■ **Dataset extract**:
+ + + + +
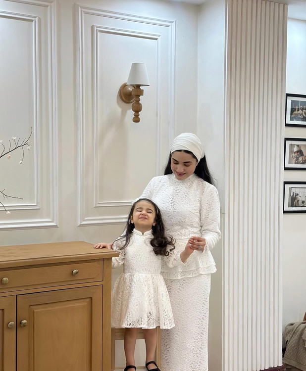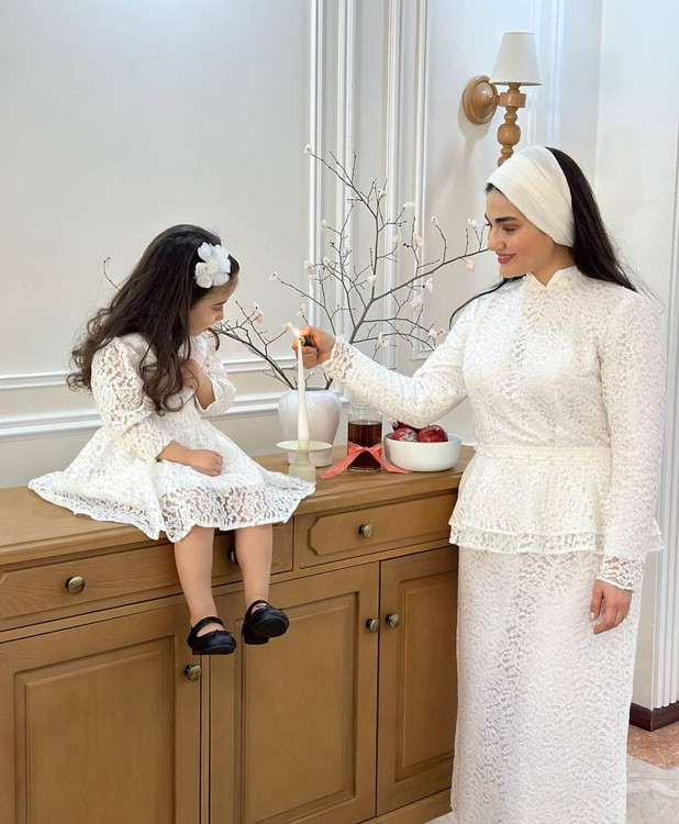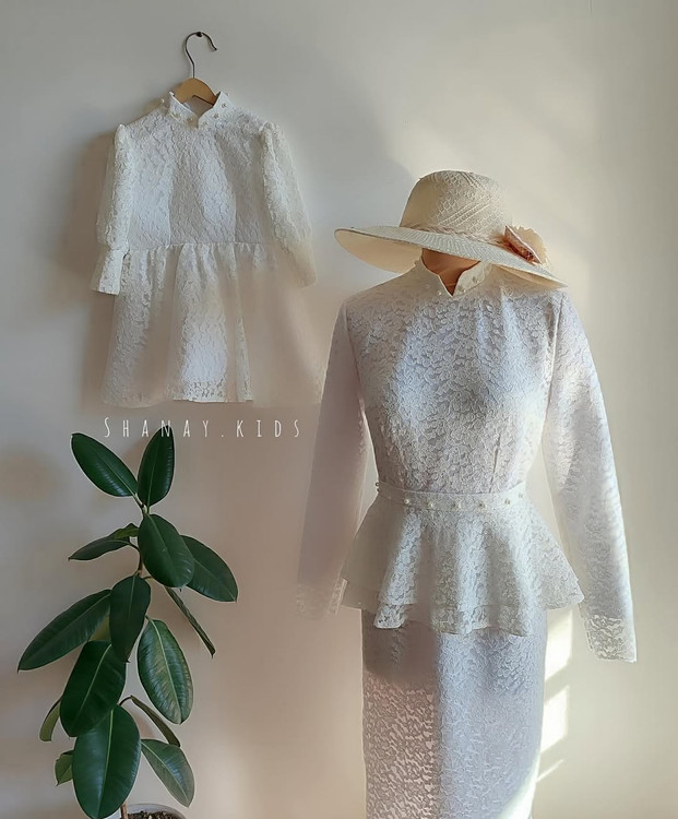 پیراهن مادر یه تیکه و بلند هست و قسمت کلوش روی کمر جدا میشه
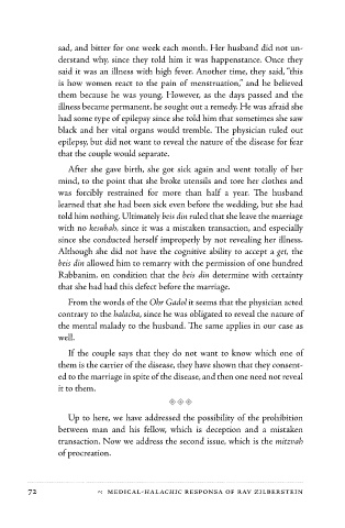 learned that she had been sick even before the wedding, but she had There are illnesses which, if not told to the spouse, nullify the mar-
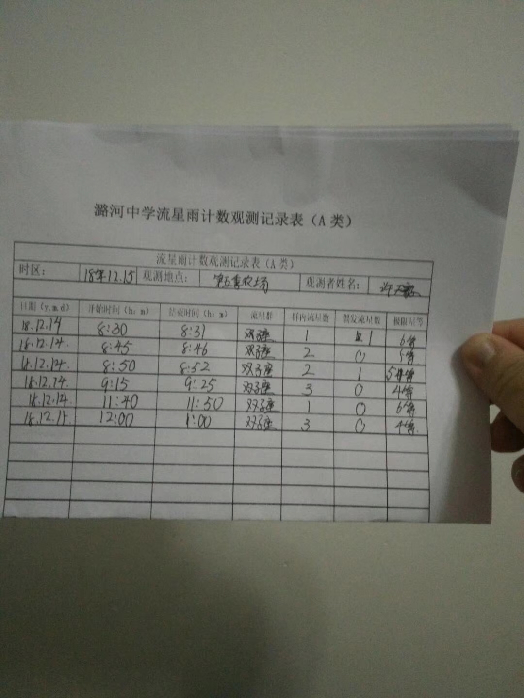2018年12月14~15日,潞河中学金鹏天文团和摄影社携潞河中学联盟校、手拉手校在通州区第五季农场开展了双子座流星雨观测实践活动。北京市天文馆寇文老师、东城区科技馆王萌老师亲临现场指导,中山街小学、潞河中学附属学校、北京二中通州校区、人大附中通州校区等联盟校、手拉手学校参与此次观测活动。本次活动由潞河中学教学处李丽副主任、赵哲嵩、杨海涛、赵芳、陆畅、孙航老师,中山街小学毛德福老师,潞河附属学校余鸿志老师,北京二中通州校区吴嵬老师,人大附中通州校区王娇娇老师带队,共70余名师生参与。
+ + + + +
■ **What the exercise asks**: To complete this exercise, repeat exactly the lines above from the one holding "learned that she" to the end of the listing, both included, and leave the pictures out.

■ **Solution below**:
 learned that she had been sick even before the wedding, but she had There are illnesses which, if not told to the spouse, nullify the mar-
2018年12月14~15日,潞河中学金鹏天文团和摄影社携潞河中学联盟校、手拉手校在通州区第五季农场开展了双子座流星雨观测实践活动。北京市天文馆寇文老师、东城区科技馆王萌老师亲临现场指导,中山街小学、潞河中学附属学校、北京二中通州校区、人大附中通州校区等联盟校、手拉手学校参与此次观测活动。本次活动由潞河中学教学处李丽副主任、赵哲嵩、杨海涛、赵芳、陆畅、孙航老师,中山街小学毛德福老师,潞河附属学校余鸿志老师,北京二中通州校区吴嵬老师,人大附中通州校区王娇娇老师带队,共70余名师生参与。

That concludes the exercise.